Смена караулов - Борис Бурлак
Шрифт:
Интервал:
Закладка:
— Тебе нездоровится, что ли?
Она с гневным укором посмотрела на него, достала из тумбочки какое-то письмо в желтом, совсем истрепанном конверте с пометками адресного бюро.
— На, читай. Целый месяц провалялось на почте и доставлено в открытом виде.
Это было письмо от его дальнего родственника, который жил в деревеньке Зеленый Кут за Днепром, где вырос и Двориков. В суматохе эвакуации сорок первого года они потеряли друг друга из виду. Лишь много лет спустя, демобилизовавшись из армии, двоюродный племянник покойной матери Дворикова отыскал своего родича на Урале и стал писать назойливые стариковские письма.

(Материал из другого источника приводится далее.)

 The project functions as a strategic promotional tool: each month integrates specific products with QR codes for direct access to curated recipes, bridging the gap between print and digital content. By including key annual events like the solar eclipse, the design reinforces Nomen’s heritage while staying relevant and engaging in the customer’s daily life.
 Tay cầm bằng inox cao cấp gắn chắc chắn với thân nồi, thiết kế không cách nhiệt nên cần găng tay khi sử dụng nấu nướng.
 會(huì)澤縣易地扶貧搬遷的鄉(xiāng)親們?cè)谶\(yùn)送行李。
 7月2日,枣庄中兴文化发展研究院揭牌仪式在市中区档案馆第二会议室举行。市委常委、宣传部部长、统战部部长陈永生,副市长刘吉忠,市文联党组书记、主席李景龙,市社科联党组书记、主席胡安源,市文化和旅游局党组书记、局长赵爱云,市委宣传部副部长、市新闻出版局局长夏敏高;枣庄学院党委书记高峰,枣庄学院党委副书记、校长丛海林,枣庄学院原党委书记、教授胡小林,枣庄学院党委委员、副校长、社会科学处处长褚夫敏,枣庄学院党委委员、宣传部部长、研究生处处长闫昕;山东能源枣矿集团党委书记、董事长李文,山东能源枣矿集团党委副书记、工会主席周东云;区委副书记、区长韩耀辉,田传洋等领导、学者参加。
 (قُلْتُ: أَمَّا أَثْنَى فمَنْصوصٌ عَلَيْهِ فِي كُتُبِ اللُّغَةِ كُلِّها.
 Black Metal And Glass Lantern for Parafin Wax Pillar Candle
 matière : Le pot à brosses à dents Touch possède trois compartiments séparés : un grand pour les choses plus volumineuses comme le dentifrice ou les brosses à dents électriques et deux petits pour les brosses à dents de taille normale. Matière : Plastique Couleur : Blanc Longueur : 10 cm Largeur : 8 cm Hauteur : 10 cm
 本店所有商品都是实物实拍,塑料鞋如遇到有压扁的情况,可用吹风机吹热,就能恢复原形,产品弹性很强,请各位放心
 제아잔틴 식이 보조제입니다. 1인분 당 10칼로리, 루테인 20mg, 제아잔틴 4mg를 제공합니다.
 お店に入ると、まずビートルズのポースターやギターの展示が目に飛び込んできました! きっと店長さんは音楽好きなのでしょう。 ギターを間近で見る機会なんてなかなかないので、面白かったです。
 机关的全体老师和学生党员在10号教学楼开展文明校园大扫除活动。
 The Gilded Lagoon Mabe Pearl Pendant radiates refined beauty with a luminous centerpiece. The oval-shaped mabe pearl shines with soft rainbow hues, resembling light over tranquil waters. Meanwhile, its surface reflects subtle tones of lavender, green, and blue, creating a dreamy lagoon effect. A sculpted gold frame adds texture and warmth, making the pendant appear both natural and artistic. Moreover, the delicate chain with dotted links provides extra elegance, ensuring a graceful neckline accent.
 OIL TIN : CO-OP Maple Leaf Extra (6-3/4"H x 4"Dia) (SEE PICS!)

Виталий Владимирович отвечал скупо, два-три раза в год. Потом их переписка вовсе прекратилась. Но вот старик опять напомнил о себе. Он сообщал самым подробным образом, как недавно в селе рыли котлован под новый клуб и случайно обнаружили весь архив сельсовета, в том числе книги загса. Он и посылает тетушкиному сыну копию метрики: кто знает, может, пригодится, когда настанет черед выхлопатывать пенсию. Виталий Владимирович пробежал глазами еще несколько тетрадных листков в косую линию — со всякими пустяковыми описаниями стариковского житья-бытья — и остановился на метрике. Метрика было по всей форме.
— Печальное недоразумение, — сказал он, отложив пухлое послание.
— Неужели ты убавил себе целый год? — спросила Римма.
— Помилуй, что за ерунда?..
Сохраняя внешнее спокойствие, Двориков коротко рассказал жене, как было дело. В институт его приняли фактически по одному школьному аттестату, никаких других документов у него, эвакуированного паренька, не оказалось. Но в сорок четвертом году военкомат потребовал свидетельство о рождении. Как раз в то время освободили Зеленый Кут, и он написал туда. Ему выслали официальную справку вместо свидетельства, потому что все документы сельсовета считались погибшими. Тогда он не обратил внимания, вернее, не придал значения тому, что в сельсовете допустили ошибку: вместо 1926-го проставили 1927 год рождения. Война, неразбериха. Лишь после войны он хотел было опять запросить Зеленокутский сельсовет, чтобы исправить ошибку, да махнул рукой: пришлось бы исправлять уже все документы, включая партбилет.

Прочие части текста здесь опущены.